Sometimes premade templates just don’t hit the spot, though. What if you already have a corporate theme and you want all of your literature to match that theme? This is where you might need to create your own tri fold brochure.
There are two methods you can use. The first method is to split the text on your brochure up into 3 columns, and the second method involves the use of text boxes to divide up the text into 3 sides. The second method proves easier for us to line up and position the text, so that’s the method we’ll use here.
Creating A Tri Fold Brochure Using Text Boxes For Layout
There’s another sneaky little trick we’re going to use to help with our styling. If you look at a lot of tri fold brochures, you might wonder how the designers handled all the complex positioning of images. The smart designers use just one background image that incorporates all the visual elements and place the text on top of that. For example, look at the first page of one of the freely available templates from Microsoft:
That’s an impressive design and you’d be forgiven for thinking that each of the 3 columns has its own set of images. In fact, there is just one background image covering the entire page and text boxes control the layout and position of the text in those 3 columns.
If we’re going to use this technique we’re going to need to create a suitable image in an image editor like Adobe Photoshop, Fireworks or Illustrator. Alternatively, you could ask someone nicely to do it for you
For the purposes of our tri fold brochure tutorial, here is a downloadable image that you can use.
Click on it to see the full size image and then right click and save it to your hard drive if you want to play along at home.
Using A Background Image For Your Word Document
First of all, let’s change our document to be in landscape orientation by clicking to the Page Layout tab > Page Setup group > Orientation > Landscape. The extra width we now have will give us enough room to fold the page twice to give 3 pages.
You have several options open to you when specifying a background image for your document, but some are better than others. You can insert the picture into your document, but this can be messy as you have to then tweak the positioning and placement in relation to other elements on the page. You can set a watermark but that fades out the image, even if you uncheck the washout option. We want our background image to be crisp and clear.
The best option is to specify a picture for our background like this: go to the Page Layout tab and in the Page Background group click Page Color. Select Fill Effects.

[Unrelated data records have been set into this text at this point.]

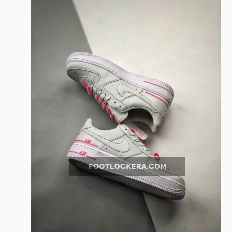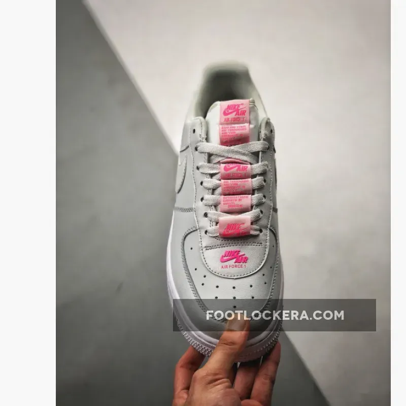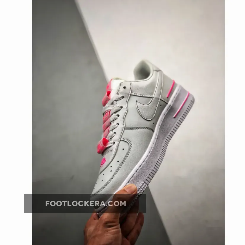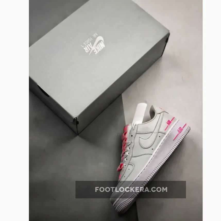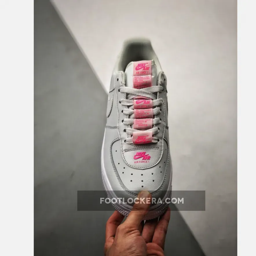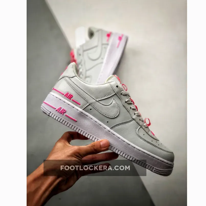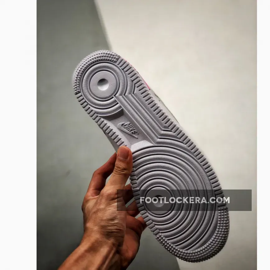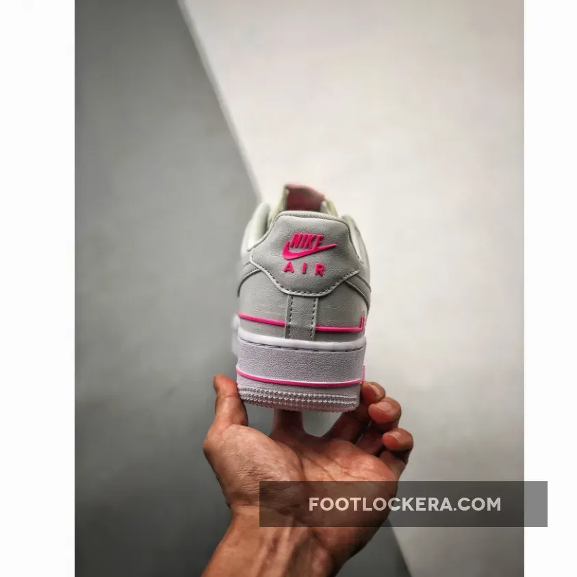 Smooth, light grey leather covers the upper of this grey and red Double Air Air Force 1, with the factory label that usually sits on the inside of the tongue repeatedly running down the centre of the lace unit. The perforation holes that usually appear scattered across the toebox have been replaced with a ‘Nike Air’ logo in bright pink. Light grey Swooshes sit stretched out across both side walls, blending in against the neutral coloured upper.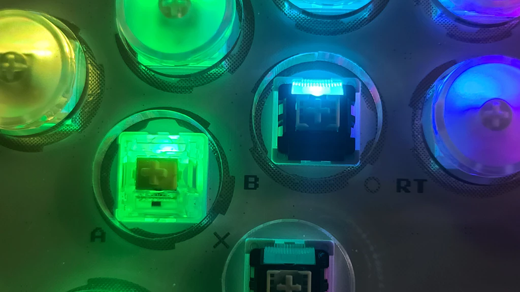 RGB 가 더 잘 투영할 수 있는 투명한 스위치를 장착해 봤습니다.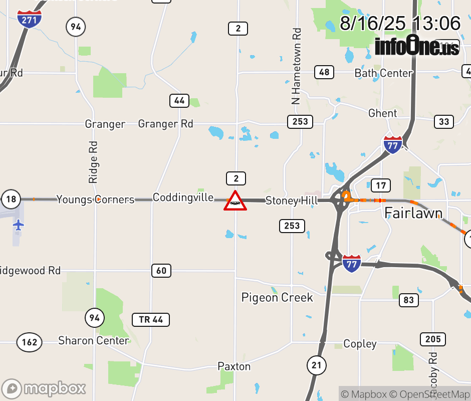 The right lane is blocked on SR-18 East at N Medina Line Rd, due to a crash. Updated: Sat 8/16/25 1:06 PM EDT ![]() Updated: Sat 8/16/25 1:06 PM EDT  |

…and then go to the Picture tab. You’re getting warmer. Now click the Select Picture button, locate your background image on your hard drive and click Insert. Voila!
When you click OK, the image is added to the background. It looks pretty good.
That’s the background sorted out and it gives us a guide for placing our text boxes. We’re going to add a heading text box at the top of each section and then we’re going to add a content box a bit lower down. You won’t find heading and content text boxes in Word: they are just plain text boxes that we will use for headings and content.
To add a heading text box, go to the Insert tab > Text group > Text Box > Simple Text Box. When the text box appears in your document, type in a title and resize the box to fit the text using the drag handles. Move the text box over to the left so that it’s in place as the heading for the first column.
Do the same for the content text box. I used a larger font size and a different text colour for my heading.
You might have something like the following image in the first column now. Repeat this process for the other two columns and you are done.